Come mai lo stesso criterio non è stato utilizzato a monte per SKY ovvero pagare come tutti gli altri…. (giustamente).
Dicembre 15, 2008 at 2:14 pm
Ciao Mimmo, il discorso che tu proponi è sicuramente giusto: nel mio post non si pone l’accento sul fatto che SKY debba pagare il 10% perchè sia “speciale”, ma ora, in questo momento specifico, questo adeguamento mi sembra inopportuno.
Ma sono convinto che così come non sia giusta l’iva al 20% per le Onlus, SKY possa essere inquadrata all’interno di un servizio “culturale” che meriti di non essere appesantita dall’iva al 20%. Certamente, ci sarebbe da discuterne.

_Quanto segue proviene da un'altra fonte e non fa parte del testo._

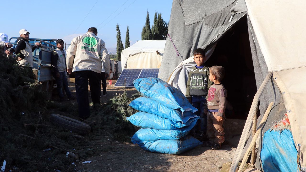 Yolun İyilik Olsun" şiarıyla Suriye'nin İdlib bölgesinde yardım çalışmalarına başlayan Umut Kervanı, önceki günlerde yaptığı, gıda, giyim, battaniye ve sıcak ekmek yardımının ardından şimdi de yakacak kömür ve sıcak yemek dağıtımında bulunarak yüzlerce ihtiyaç sahibinin yüzünü güldürdü.

Gennaio 14, 2009 at 11:15 am
Nonostante la tassa e l’ostruzionismo continuo di Berlusconi a Sky l’impressione è che il suo digitale terrestre non riuscirà nell’intento di proporsi come monopolista del mercato televisivo digitale. I dati emersi fino ad oggi dimostrano che i contenuti che i suoi canali propongono sono di scarso appeal per gli utenti che continuano a preferire di gran lunga il prodotto sky. Inoltre nella tua analisi va aggiunto che la legge Gasparri prevedere l’attuazione definitiva del digitale, con conseguente abbandono della rete analogica, entro il 31 dicembre 2006 ma ciò non è avvenuto perchè Mediaset non è ancora riuscita a guadagnarsi una fetta sufficiente di ascolti per potersi conquistare la leadership anche nel settore digitale!
detto questo ti faccio i complimenti per il blog, i tuoi post sono davvero ben argomentati!Mi piacerebbe fare uno scambio link con il mio. Se ti interessa scrivimi pure a vitadastragista@gmail.com!
a presto
ciaoo
Gennaio 15, 2009 at 10:39 am
Ciao Luce
Benvenuta sul mio blog e grazie per i complimenti
Quello che hai aggiunto non fa che aumentare la percezione di quanto sia stata sbagliata la mossa sull’Iva di Sky.
Per quanto riguarda lo scambio link mi farebbe piacere
Gennaio 29, 2009 at 1:32 pm
Luce, se non si scrivono cose esatte, si rischia di fare propaganda e disinformazione. Lo spegnimento al 31 dic 2006 non c’entra nulla con la legge Gasparri: lo spegnimento al 31 dic 2006 era contenuto nella prima legge, 66/2001 votata nel marzo 2001 (governo Amato). Il non rispetto di tale data non c’entra nulla con mediaset: è stato deciso perchè si è partiti tardi col dtt (2003 e non 2001) e non si potevano vendere 50 milioni di decoder in 3 anni.